Public high school in New Hampshire, US

ConVal Regional High School (short for Contoocook Valley Regional High School) is a high school in Peterborough, New Hampshire, that serves nine surrounding towns: Antrim, Bennington, Dublin, Francestown, Greenfield, Hancock, Peterborough, Sharon and Temple. The principal is Heather McKillop. ConVal has approximately 720 students and has had several notable sports and academic teams in the past. ConVal's mascot is the cougar.

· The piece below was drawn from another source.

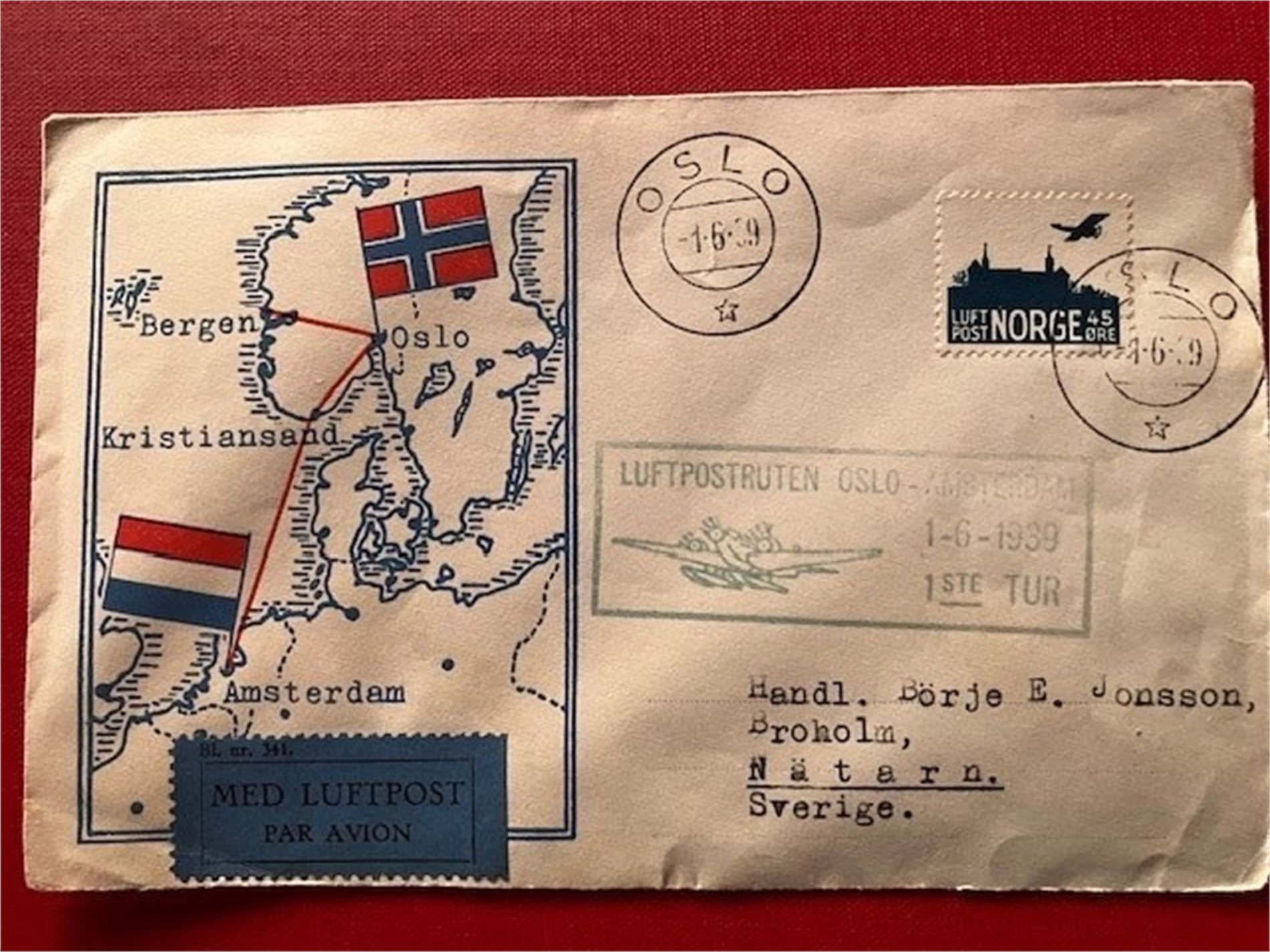 Luftpost Oslo - Amsterdam 1. tur 1. juni 1939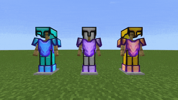 Анимация на броне работает с железными, алмазными и с золотыми доспехами.

The school colors are blue and gold.

==History==
The school was opened in 1970. It was designed by Nashua architects Carter & Woodruff.

==Academics==
ConVal Regional High School offers instruction in different academic departments, including English, Health and Wellness, Mathematics, Science, Social Studies, Visual and Performing Arts, and World Languages (German and Spanish). The Region 14 Applied Technology Center on the ConVal High School campus serves the ConVal School District, Jaffrey-Rindge School District, and Mascenic Regional School District. It offers courses in Automotive Service Technology, Business, Careers in Education, Computer & Information Technology, Construction Trades, Digital Film and Photography, Graphic Design, Manufacturing, and Pre-Engineering. In 2024, ConVal Regional High School was ranked a "Best Public High School in New Hampshire" by U.S. News & World Report.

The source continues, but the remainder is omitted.